What is it with major health infrastructure projects in Ireland? Why do we get it so wrong?

The demographics are clear, we have the second-highest fertility rate in Europe and an ageing population. We also have a health infrastructure that is largely unfit for purpose and needs sustained investment to bring about 21st-century facilities.

It is perfectly possible to do this. But in order to do so in a timely and efficient way, government needs to plan for this and then allocate money and supports to make it happen.

Other health capital commitments in the government plan include the National Forensic Mental Health Services facility in Portrane, which will replace the Central Mental Hospital; new intensive rehabilitation mental health units, cancer facilities, primary care centres and nursing homes, none of which have specific timeframes or earmarked budgets. No further detail is available, as the HSE has not published a capital plan since 2014.

The man currently responsible for these health projects, acting Health Minister Leo Varadkar, is busy negotiating a new minority government. These discussions have been dominated by the issue of charging for water. Varadkar said yesterday that the “suspension of water charges was the wrong thing to do and was not in the public interest”.

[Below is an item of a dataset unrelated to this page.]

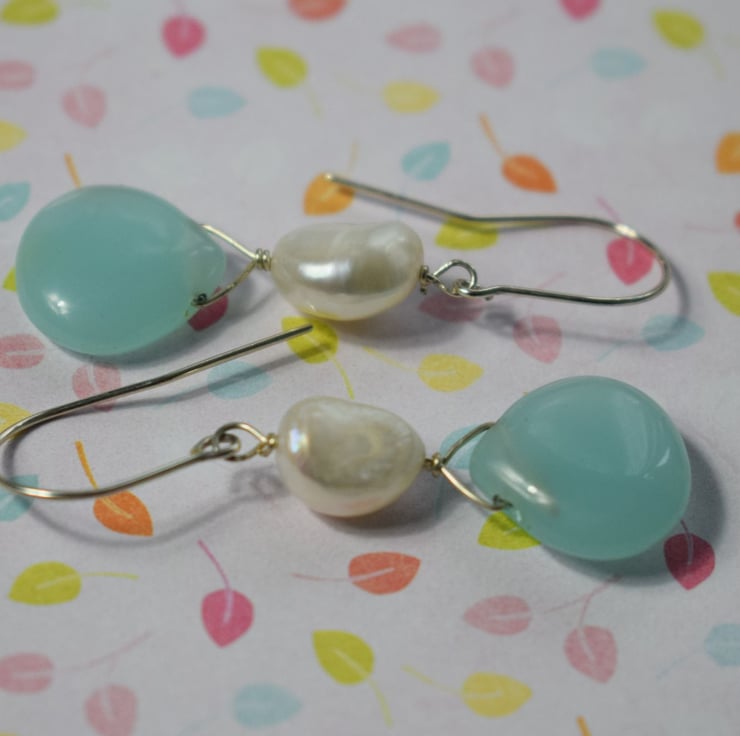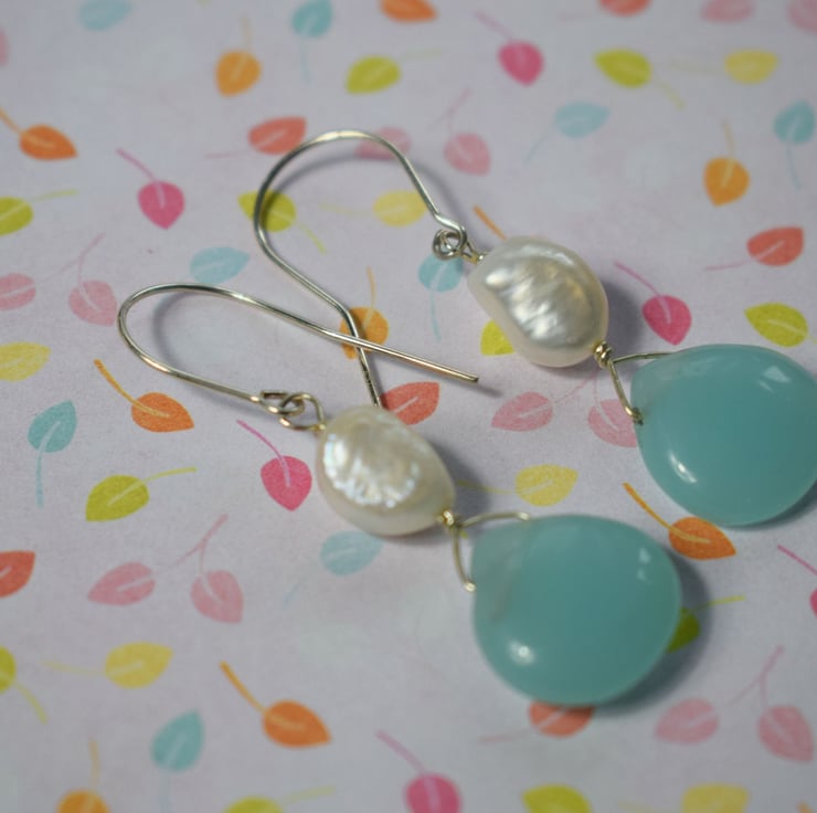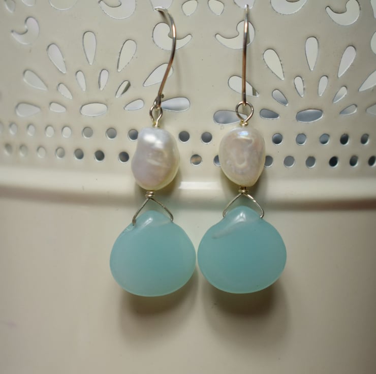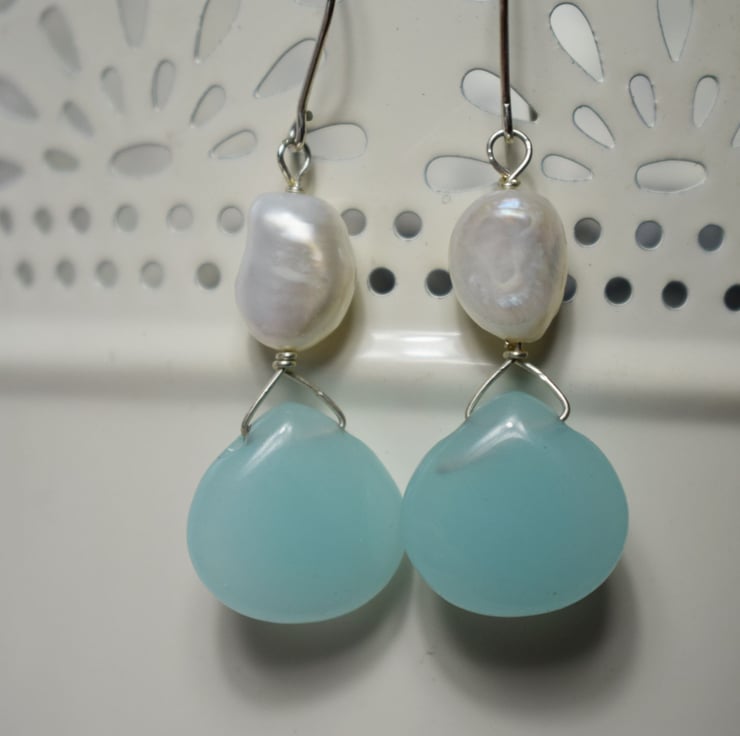 Perfect for your wedding day these earrings are made with pale blue agate teardrops below ivory freshwater pearls. All wire and earwires are sterling silver so with a little polish now and then you'll be wearing these in years to come, maybe even for your pearl anniversary! These earrings would also make a lovely gift for the mother of the bride, something to treasure from a special day!

Delaying critical, major health infrastructure is also the wrong thing to do, and not in the public interest.

It’s a pity the political squabbling between the two largest political parties could not focus on right things that are really in the public interest. Why not start with getting the site of the new national maternity hospital sorted and delivering the other vital health capital projects? Projects that a make a difference between life and death.